Powerful Nigerian opposition politician calls for election annulment
The Associated Press
By Edward Harris

A top opposition politician called for the annulment of Nigeria’s crucial presidential vote, as an overseas observer mission said the entire electoral process had failed to meet international standards.

The 59 observers of the U.S.-based International Republican Institute, the first major overseas group to announce findings after Saturday’s presidential election, identified numerous voting-day irregularities, including ballot box stuffing and phony results.

It said Sunday that its preliminary findings showed the elections processes “fall below the standard set by previous Nigerian elections and international standards witnessed by IRI around the globe.”

“Neither the spirit of Nigerians who went to the polls to cast their ballots nor the dedication of the thousands of poll workers struggling to execute their responsibilities in polling stations throughout the country were matched by their leaders,” the group said in a statement.

Turnout appeared low for Saturday’s presidential vote, which was marked by ballot-paper shortages in opposition strongholds, intimidation by thugs and open rigging favoring the ruling party of outgoing President Olusegun Obasanjo.

One top opposition politician, Vice President Atiku Abubakar, earlier called for the annulment of the polls.

“I have already rejected the election. They have no alternative than to cancel the election altogether,” Abubakar said, referring to the electoral commission and to Obasanjo, a one-time running mate turned political foe.

The electoral process, which included an April 14 vote for state offices and Saturday’s vote for president and federal-level lawmakers, is meant to set up Nigeria’s first-ever handover of power between elected heads of state.

All other attempts since independence from Britain in 1960 have been overturned by coups d’etat or annulments. Dozens of Nigerians have died in civil strife related to the elections, and fraud was clearly visible on voting days.

The International Republican Institute, a respected vote-monitoring body, said during Saturday’s presidential polls it observed “underage voting, voter registration list errors, stuffed ballot boxes, group voting, party observers and police instructing individuals on who to vote for, lack of privacy for voting, lack of results sheets and other materials, falsified results sheets, and early closings.”

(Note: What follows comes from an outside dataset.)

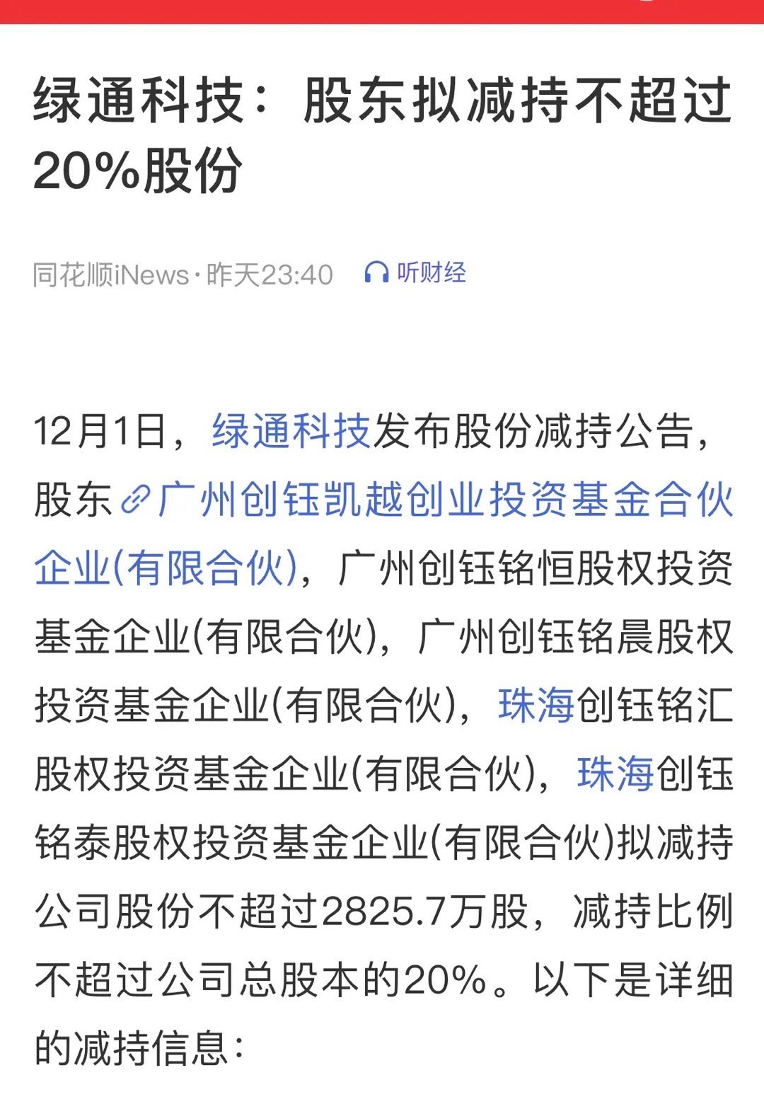 绿通科技,多位股东拟减持总股本比例20%的股份!一次性减持公司股份五分之一!绿通科技于2023年3月6日在创业板上市,发行价格为131.11元/股,该公司拟募集资金40,494.96万元,实际募集资金总额为人民币229,311.39万元,超募4倍多!2023年3月9日,绿通科技盘中最高价报149.50元,为该股上市以来最高价。该股目前股价为27.79元。该公司近三年净利润分别下滑15.64%和45.98%以及44.23%。

Meanwhile, the Transition Monitoring Group, an election-monitoring group claiming 50,000 Nigerian observers, said the elections had not been held in many of the country’s 36 states and had started very late in many others.

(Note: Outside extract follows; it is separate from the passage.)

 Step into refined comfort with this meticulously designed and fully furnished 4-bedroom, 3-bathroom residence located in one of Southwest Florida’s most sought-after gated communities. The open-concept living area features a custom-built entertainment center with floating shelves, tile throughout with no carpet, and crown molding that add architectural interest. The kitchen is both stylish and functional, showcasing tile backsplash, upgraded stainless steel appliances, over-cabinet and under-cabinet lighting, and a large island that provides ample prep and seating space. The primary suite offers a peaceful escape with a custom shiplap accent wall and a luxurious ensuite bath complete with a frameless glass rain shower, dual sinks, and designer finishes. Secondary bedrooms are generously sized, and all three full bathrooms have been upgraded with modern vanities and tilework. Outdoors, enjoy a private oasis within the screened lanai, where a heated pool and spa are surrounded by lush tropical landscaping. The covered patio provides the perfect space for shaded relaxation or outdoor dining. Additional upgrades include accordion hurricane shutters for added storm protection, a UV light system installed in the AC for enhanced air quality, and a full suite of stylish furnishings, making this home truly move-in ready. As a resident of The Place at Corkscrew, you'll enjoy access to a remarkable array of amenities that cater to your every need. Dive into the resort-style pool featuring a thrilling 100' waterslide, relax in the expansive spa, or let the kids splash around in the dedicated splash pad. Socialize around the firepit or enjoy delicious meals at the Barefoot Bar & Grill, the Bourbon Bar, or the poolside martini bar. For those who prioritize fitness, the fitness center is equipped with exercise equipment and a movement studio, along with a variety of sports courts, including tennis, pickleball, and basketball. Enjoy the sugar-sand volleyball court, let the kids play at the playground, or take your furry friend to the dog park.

“That’s why we’re calling for the cancellation of the entire exercise,” said Innocent Chukwuma, the chairman of the body.

Abubakar told reporters that no free and fair election could be arranged by the current electoral commission, which he accuses of partisanship toward the ruling party, or by Obasanjo. He slammed the conduct of the vote.

“What we have seen clearly proves our fears that it is the worst election that we have ever seen,” he said.

The other main opposition party of Gen. Muhammadu Buhari didn’t immediately say it rejected the vote, but described it in disparaging terms.

“Some voting has taken place, but there was no election,” said Abba Kyari, a spokesman for the party.

Returns from the capital, Abuja, showed Buhari winning the federal territory. He gained about 91,000 of 200,000 votes cast, with the ruling party not far behind. Abubakar placed a distant third.

Abuja is a created capital, populated by civil servants during the week but largely empty on the weekend. Few people call it home or register to vote there.

The government defended the vote, with Electoral Commission Chairman Maurice Iwu saying Sunday that “the vote we had yesterday was free and fair. … The election has been largely successful: We’ve broken the jinx.”

He rejected the opposition’s challenges to the vote’s credibility.

“Anyone who says (the vote) was not free and fair wants to mess this country up,” he said. “There’s no question of legitimacy.”

But if opposition party supporters heed their candidates’ calls to reject the final outcome, it could undermine any ruling party win, pitting large segments of the population against each other.

Electoral officials said they hoped to release results by late Monday.

The presidential winner must gain the most votes nationwide and at least a quarter of ballots cast in 24 of Nigeria’s 36 states. If not, a runoff election would be held within one month. A new government will take power May 29.

Obasanjo, a former military ruler, won a 1999 election that ended 15 years of near-constant military rule. His 2003 re-election was marked by allegations of massive vote rigging. He was prevented from running again by constitutional term limits.